(TASK TO COMPLETE)
Leaving out all images, write out the records that follow exactly.

── INPUT FOR THIS TASK

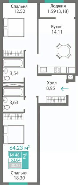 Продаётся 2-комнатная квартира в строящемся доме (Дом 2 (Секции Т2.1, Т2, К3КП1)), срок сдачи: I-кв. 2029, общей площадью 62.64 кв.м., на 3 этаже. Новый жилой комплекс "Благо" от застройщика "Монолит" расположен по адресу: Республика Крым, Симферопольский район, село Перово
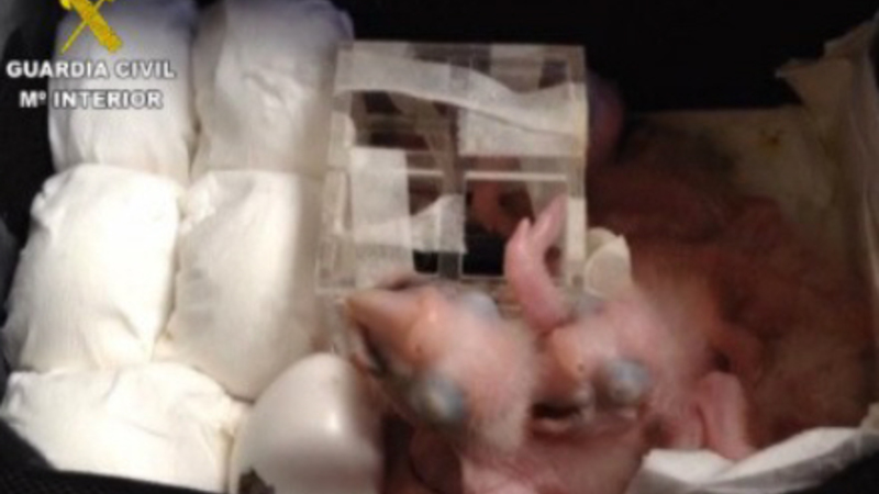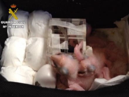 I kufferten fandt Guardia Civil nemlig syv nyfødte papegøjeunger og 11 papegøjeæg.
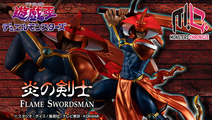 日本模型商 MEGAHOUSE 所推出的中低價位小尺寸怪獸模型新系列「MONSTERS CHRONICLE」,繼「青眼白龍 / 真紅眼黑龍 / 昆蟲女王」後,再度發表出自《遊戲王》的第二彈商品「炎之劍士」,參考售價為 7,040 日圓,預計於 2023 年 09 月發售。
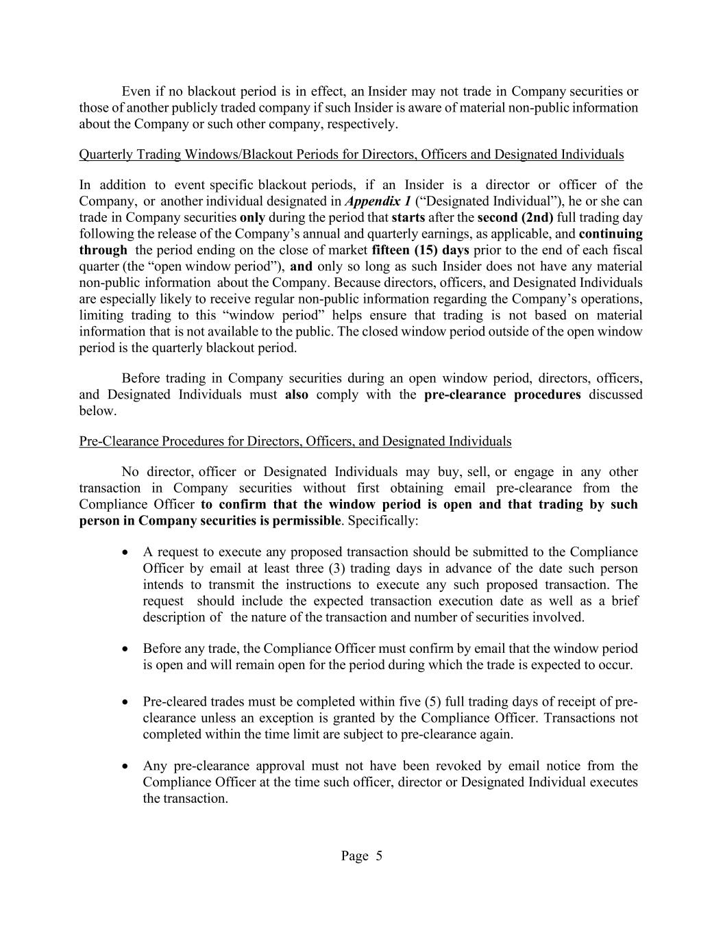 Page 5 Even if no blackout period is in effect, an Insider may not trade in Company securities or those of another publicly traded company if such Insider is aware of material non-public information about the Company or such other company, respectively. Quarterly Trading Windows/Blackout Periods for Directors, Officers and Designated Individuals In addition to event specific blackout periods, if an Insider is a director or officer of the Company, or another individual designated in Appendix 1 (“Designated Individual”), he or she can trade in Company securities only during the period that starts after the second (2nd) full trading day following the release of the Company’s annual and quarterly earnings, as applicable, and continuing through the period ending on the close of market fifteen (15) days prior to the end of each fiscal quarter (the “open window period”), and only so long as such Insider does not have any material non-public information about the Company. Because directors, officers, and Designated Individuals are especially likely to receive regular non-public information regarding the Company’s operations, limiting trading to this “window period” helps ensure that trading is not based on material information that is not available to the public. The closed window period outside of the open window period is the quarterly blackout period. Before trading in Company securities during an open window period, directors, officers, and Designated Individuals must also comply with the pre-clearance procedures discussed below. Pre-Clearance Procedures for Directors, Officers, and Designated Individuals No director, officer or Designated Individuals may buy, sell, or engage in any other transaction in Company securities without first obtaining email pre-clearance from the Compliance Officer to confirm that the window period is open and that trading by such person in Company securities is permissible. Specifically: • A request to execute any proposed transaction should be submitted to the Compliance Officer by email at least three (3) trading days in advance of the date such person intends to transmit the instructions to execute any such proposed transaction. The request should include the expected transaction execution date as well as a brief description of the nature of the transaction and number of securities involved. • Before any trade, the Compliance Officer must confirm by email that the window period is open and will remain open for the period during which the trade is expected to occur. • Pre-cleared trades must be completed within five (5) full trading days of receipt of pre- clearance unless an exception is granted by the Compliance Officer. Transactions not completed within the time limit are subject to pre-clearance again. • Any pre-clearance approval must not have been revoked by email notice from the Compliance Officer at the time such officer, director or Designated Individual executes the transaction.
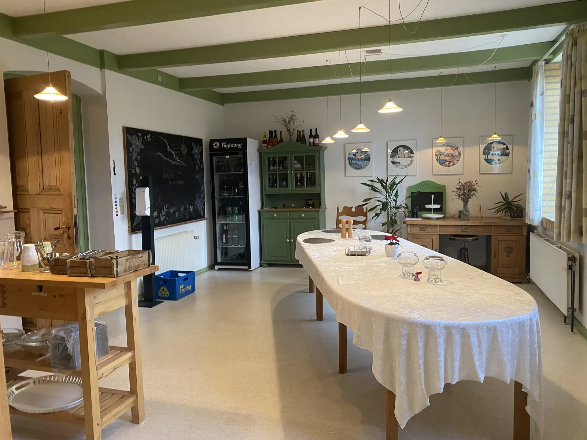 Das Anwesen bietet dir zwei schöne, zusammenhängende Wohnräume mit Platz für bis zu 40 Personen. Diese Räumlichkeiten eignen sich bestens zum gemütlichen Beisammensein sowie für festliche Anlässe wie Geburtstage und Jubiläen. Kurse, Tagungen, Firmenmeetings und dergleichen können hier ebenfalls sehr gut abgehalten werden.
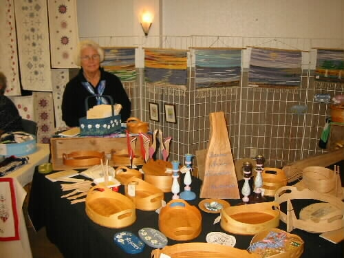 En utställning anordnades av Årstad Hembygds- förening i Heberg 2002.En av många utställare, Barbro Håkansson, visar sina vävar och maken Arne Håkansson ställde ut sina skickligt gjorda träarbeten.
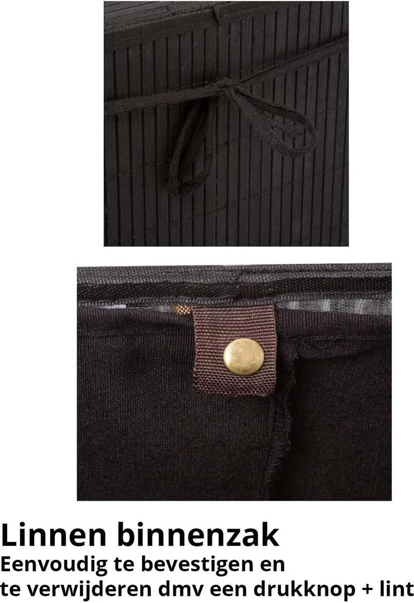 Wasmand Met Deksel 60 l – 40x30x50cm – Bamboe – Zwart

────

(TASK ANSWER)
 Продаётся 2-комнатная квартира в строящемся доме (Дом 2 (Секции Т2.1, Т2, К3КП1)), срок сдачи: I-кв. 2029, общей площадью 62.64 кв.м., на 3 этаже. Новый жилой комплекс "Благо" от застройщика "Монолит" расположен по адресу: Республика Крым, Симферопольский район, село Перово
 I kufferten fandt Guardia Civil nemlig syv nyfødte papegøjeunger og 11 papegøjeæg.
 日本模型商 MEGAHOUSE 所推出的中低價位小尺寸怪獸模型新系列「MONSTERS CHRONICLE」,繼「青眼白龍 / 真紅眼黑龍 / 昆蟲女王」後,再度發表出自《遊戲王》的第二彈商品「炎之劍士」,參考售價為 7,040 日圓,預計於 2023 年 09 月發售。
 Page 5 Even if no blackout period is in effect, an Insider may not trade in Company securities or those of another publicly traded company if such Insider is aware of material non-public information about the Company or such other company, respectively. Quarterly Trading Windows/Blackout Periods for Directors, Officers and Designated Individuals In addition to event specific blackout periods, if an Insider is a director or officer of the Company, or another individual designated in Appendix 1 (“Designated Individual”), he or she can trade in Company securities only during the period that starts after the second (2nd) full trading day following the release of the Company’s annual and quarterly earnings, as applicable, and continuing through the period ending on the close of market fifteen (15) days prior to the end of each fiscal quarter (the “open window period”), and only so long as such Insider does not have any material non-public information about the Company. Because directors, officers, and Designated Individuals are especially likely to receive regular non-public information regarding the Company’s operations, limiting trading to this “window period” helps ensure that trading is not based on material information that is not available to the public. The closed window period outside of the open window period is the quarterly blackout period. Before trading in Company securities during an open window period, directors, officers, and Designated Individuals must also comply with the pre-clearance procedures discussed below. Pre-Clearance Procedures for Directors, Officers, and Designated Individuals No director, officer or Designated Individuals may buy, sell, or engage in any other transaction in Company securities without first obtaining email pre-clearance from the Compliance Officer to confirm that the window period is open and that trading by such person in Company securities is permissible. Specifically: • A request to execute any proposed transaction should be submitted to the Compliance Officer by email at least three (3) trading days in advance of the date such person intends to transmit the instructions to execute any such proposed transaction. The request should include the expected transaction execution date as well as a brief description of the nature of the transaction and number of securities involved. • Before any trade, the Compliance Officer must confirm by email that the window period is open and will remain open for the period during which the trade is expected to occur. • Pre-cleared trades must be completed within five (5) full trading days of receipt of pre- clearance unless an exception is granted by the Compliance Officer. Transactions not completed within the time limit are subject to pre-clearance again. • Any pre-clearance approval must not have been revoked by email notice from the Compliance Officer at the time such officer, director or Designated Individual executes the transaction.
 Das Anwesen bietet dir zwei schöne, zusammenhängende Wohnräume mit Platz für bis zu 40 Personen. Diese Räumlichkeiten eignen sich bestens zum gemütlichen Beisammensein sowie für festliche Anlässe wie Geburtstage und Jubiläen. Kurse, Tagungen, Firmenmeetings und dergleichen können hier ebenfalls sehr gut abgehalten werden.
 En utställning anordnades av Årstad Hembygds- förening i Heberg 2002.En av många utställare, Barbro Håkansson, visar sina vävar och maken Arne Håkansson ställde ut sina skickligt gjorda träarbeten.
 Wasmand Met Deksel 60 l – 40x30x50cm – Bamboe – Zwart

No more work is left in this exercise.